Mr. Sensible: Of course. However, the way that we deal with vagueness is not going to be friendly to your argument. Let me explain: suppose that we define the word ‘dog’ to include all the characteristics you mentioned, but instead of the definition being rigid and inflexible, let’s say that we treat each characteristic like a check box. Every animal that can meet most of those checkboxes counts as a ‘dog.’ We may not be able to say exactly how many checkboxes the animal in question has to have in order for it to be a ‘dog’, but we can push that problem aside if we just allow that enough checkboxes in order to match our intuitions about what the word ‘dog’ means. If we adopt this framework, the you’re whole contention that “one kind cannot change into another kind” is dissolved. If a “kind” just represents a set of checkboxes, and an animal in any given “kind” doesn’t have to meet all of them in order to be considered a member, then it’s safe to say that no evolutionist believes an animal ever gave birth to an animal of a completely different kind.
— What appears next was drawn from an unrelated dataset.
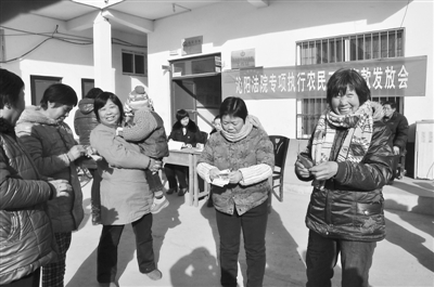 2011年6月,肖寺村49名农民工经人介绍到邻近的一家企业打工,由于企业经营亏损,发生了欠薪问题。2012年6月,企业给农民工们出具了一张8.3万余元的工资欠条。该案起诉到法院后,法官多次调解,企业也分批给付了部分欠款,但剩余的近2万元工资一直没有足额支付。2013年12月底,经过法官多次协调,企业终于将剩余欠薪交到法官手中,并请法官协助发放。图为农民工刘大嫂领到欠薪时的情形。

Mr. Creationist: But I thought they did. Don’t evolutionists believe that the whale kind came from the land animal kind?
Mr. Sensible: Sure they do, but the belief that whales evolved from land mammals isn’t at odds with this framework. We evolutionists think that a population of land mammals changed a little bit a time over many generations into whales. Every single generation gave birth to animals that you would say were “of the same kind.” But every few generations a characteristic or two changed. If a scientist had been able to study these whales over tens of thousands of generations, and he kept a checkbox list to describe the species, every few hundred generations he would’ve had to add a new check box or cross one off. Eventually, the check box list he would end up with would look a lot different from the one he started with. So you see, evolution can co-exist with idea that no animal ever has a child that doesn’t at least mostly match the parent’s checkbox description. All you have to do is say that the radical changes in the checkbox took place over lots of generations and not just one. And that’s what every single evolutionist, even Charles Darwin, believed.
Mr. Creationist: Wow, I’ve learned a lot. Unlike most of my logic-hating friends, I’m not going to try and wriggle out of this refutation with absurd mental gymnastics or stubborn refusal to change my mind. I accept your refutation. Thank you.